Die kleine Stadt Sulzbach liegt im Saarland unweit Saarbrückens. Geht es um Islamismus, so könnte man bei oberflächlichem Blick derzeit meinen, dass all die Entwicklungen der letzten Jahre am Saarland vorbei gegangen seien. Der aktuelle Verfassungsschutzbericht, dort „Lagebild“ genannt, gibt über die lokalen islamistischen Bestrebungen und Betätigungen nur sehr sparsam Folgendes an, S. 74 f.:

2.2 Islamistische Bestrebungen
Das breite Spektrum islamistischer Bestrebungen ist in Teilen auch im Saarland vertreten. Häufig nicht auf den ersten Blick erkennbar, bestehen Verbindungen von Organisationen oder Einzelpersonen z.B. zur „Hizb Allah“ (HA), zur „Muslimbruderschaft“ (MB) und auch zur „Tablighi-Jama’at“- Bewegung (TJ). Die Anziehungskraft des Salafismusinsbesondere auf jüngere Menschen ist ungebrochen. Obgleich im vergangenen Jahr im Saarland keine öffentlichkeitswirksamen Veranstaltungen von Salafisten festgestellt werden konnten, war dennoch eine deutliche Belebung hiesiger personeller und  organisatorischer Strukturen zu verzeichnen. Der hiesigen Klientel dienten weiterhin insbesondere Vereine in Sulzbach und Merzig als Anlaufstellen; weitere Ansätze waren darüber hinaus in der Landeshauptstadt festzustellen. Nach wie vor ist die Szene nahezu in Gänze dem politischen Salafismus zuzurechnen. Im Berichtszeitraum hat das Interesse der islamistischen Szene am Syrien-Konflikt nachgelassen. Angehörige des hiesigen salafistischen Spektrums engagierten sich zwar weiterhin in Einzelfällen für Personen, die im Zuge des Migrationsstroms ins Saarland eingereist waren; belastbare Erkenntnisse zu einer darüber hinausgehenden gezielten „Da’wa-/ Msionierungsarbeit“ durch diese Szenemitglieder konnten jedoch nicht gewonnen werden.
Allerdings besuchten Migranten wie im Vorjahr in großer Zahl insbesondere die als Anlaufstellen hiesiger Salafisten bekannten Moscheen im Saarland. Nach den bisherigen Erkenntnissen waren hierfür weniger die ideologische Ausrichtung der Moschee als vielmehr praktische Erwägungen wie die Wohnortnähe oder die Herkunft des Imams aus dem arabischen Sprachraum ausschlaggebend.

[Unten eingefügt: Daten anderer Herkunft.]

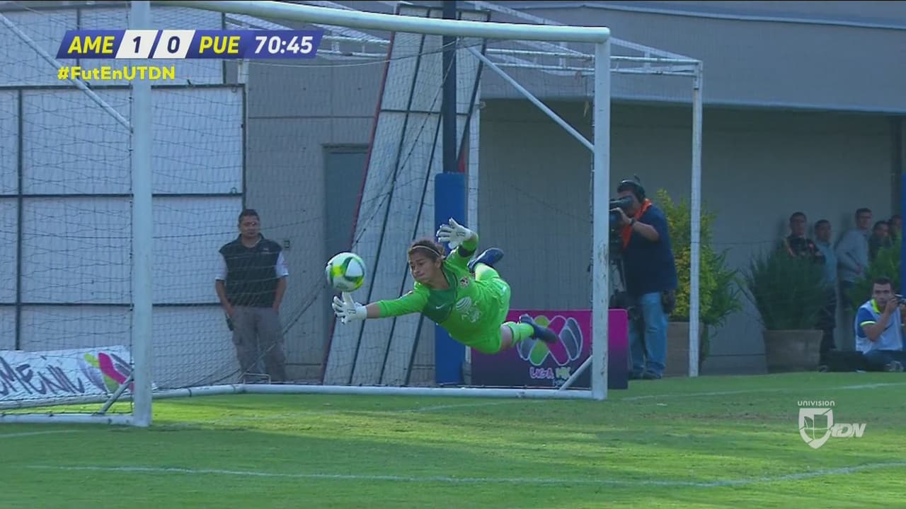La jugadora del Puebla por poco iguala el marcador ante el América gracias a un cobro de pelota quieta que pegó en la base del poste.

Klicke, um auf Flyer_Lagebild_Verfassungschutz_2017_Webversion.pdf zuzugreifen

Das ist tatsächlich alles neben den allgemeinen Ausführungen. „Deutliche Belebung“? Das Wort gibt wenig Aufschluss, darüber, was sich belebt, warum und vor allem auch wo genau. Einrichtungen werden nicht konkret benannt. Zumindest nicht so konkret, dass sie gerichtsverwertbar wären im Zweifelsfall. Einrichtungen, die nicht konkret benannt werden – da greifen Verwaltungsrichter (wie kürzlich) ins Leere und auch die Gemeinnützigkeit kann munter weiter zuerkannt bleiben.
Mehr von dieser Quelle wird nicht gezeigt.